Kenya creates a stir by lowering the age of imported buses and vehicles.
Long-distance carriers have criticized the Kenyan government’s decision to prohibit the import of used buses and trucks older than three years from production, claiming that it violates the East African region’s transport protocol, which requires consistency of norms and legislation.
According to transporters and truck owners, the new regulation would offer carriers from other East African nations an advantage in the market since Kenyans cannot afford to acquire new buses and trucks.
The organization also alleged that decreasing the age restriction from eight to three is another effort by the government to compel the adoption of the Standard Gauge Railway since it would increase the cost of long-distance vehicles.
According to Salim Karama, a transporter, the new Kenya Bureau of Standards (Kebs) regulation would encourage more enterprises to relocate to other East African nations where similar laws do not apply.

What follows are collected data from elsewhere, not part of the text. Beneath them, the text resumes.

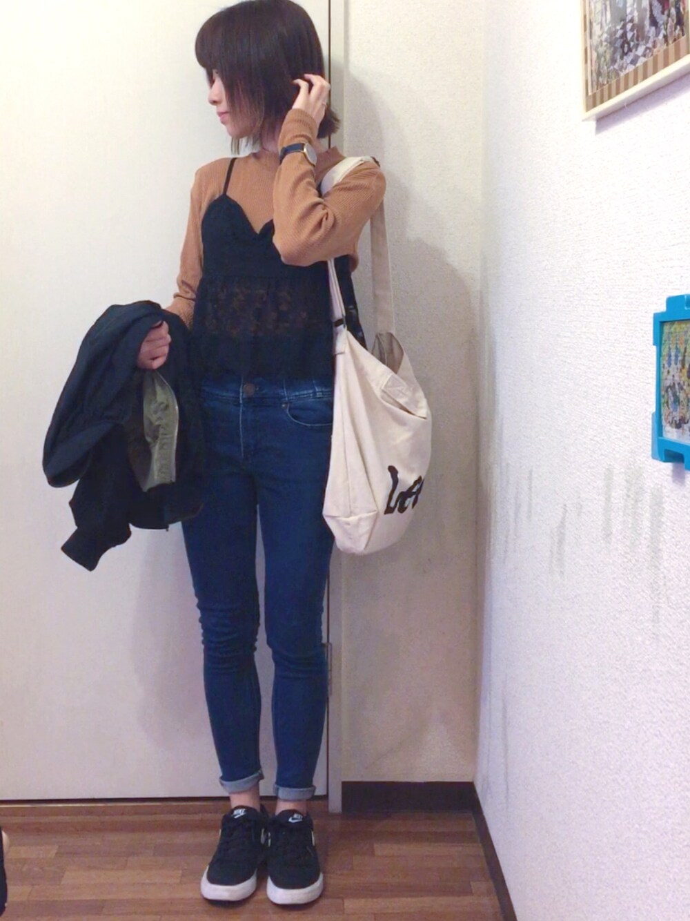 ちょっとそこまでコーデ☕ デニムで楽チンです。 リブTにビスチェを重ね着しました☺️
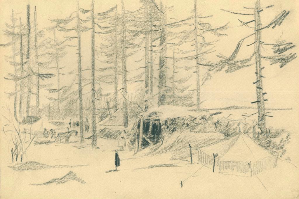 Альменов Б.М. Лагерь в лесу. 1944 г. Бумага, карандаш.
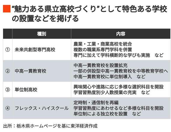 こうした中、栃木県では2013年度から県立高校の再編計画を実施。2024年度から第三期県立高校再編計画(以下、再編計画)を進めている。再編計画では、全日制高校の規模と配置の適正化とともに、“魅力ある県立高校づくり”として①未来共創型専門高校、②中高一貫教育校、③単位制高校、④フレックス・ハイスクールといった特色ある学校の設置などを掲げている。

“The government’s decision to prohibit the importation of trucks older than three years beginning July 1 would make vehicles more costly and prohibitive to many carriers, forcing them to shut shop or go to countries where such regulations do not apply,” said Karama.
Dennis Ombok, former Executive Director of the Kenya Transporters Association, criticized the government for implementing such a policy without consulting essential stakeholders such as transporters.
“It is not the goal to reduce the age restriction for long-distance trucks from eight to three years while the age limit for all other vehicles remains eight years.” “The decision is arbitrary,” Ombok said.
“The unilateral decision violates the East African convention for the transport sector, where consistency of norms and legislation is required,” he noted, “yet we will have Ugandan and Tanzanian enterprises importing vehicles that will ply our roads utilizing existing standards.”
Kebs said last week that it would prohibit the entry of such buses and vehicles into the nation starting July 1 of this year.
The decision may cause problems for used car sellers, but it will benefit the local auto assembly business.
“Kebs wishes to inform all stakeholders, and the general public that, effective July 1, 2022, all used passenger minibusses, minibusses, large buses, single articulated and bi-articulated business and double-decker buses shall not be allowed for importation into the country,” said Kebs in a statement Friday.
“All used rigid vehicles with Gross Value Mass (GVM) equal to or more than 3.5 tonnes and up to 30 tonnes should not be authorized for importation into the nation,” Kebs stated.
On the other hand, the standard regulating authority granted second-hand tractor heads and prime movers less than three years old a grace period of up to June 30 next year, after which they would be prohibited, and only new equipment may be imported into the nation.
“Kebs has granted a grace period of June 30 next year to second-hand tractor heads and prime movers not older than three years. They will be prohibited, and only new equipment may be brought into the nation,” stated part of the notification.
However, the standards body said that tiny vans – or microbuses – with a length of up to seven meters and other non-commercial vehicles such as saloons and SUV cars would be permitted to be imported as long as possible they were no older than eight years.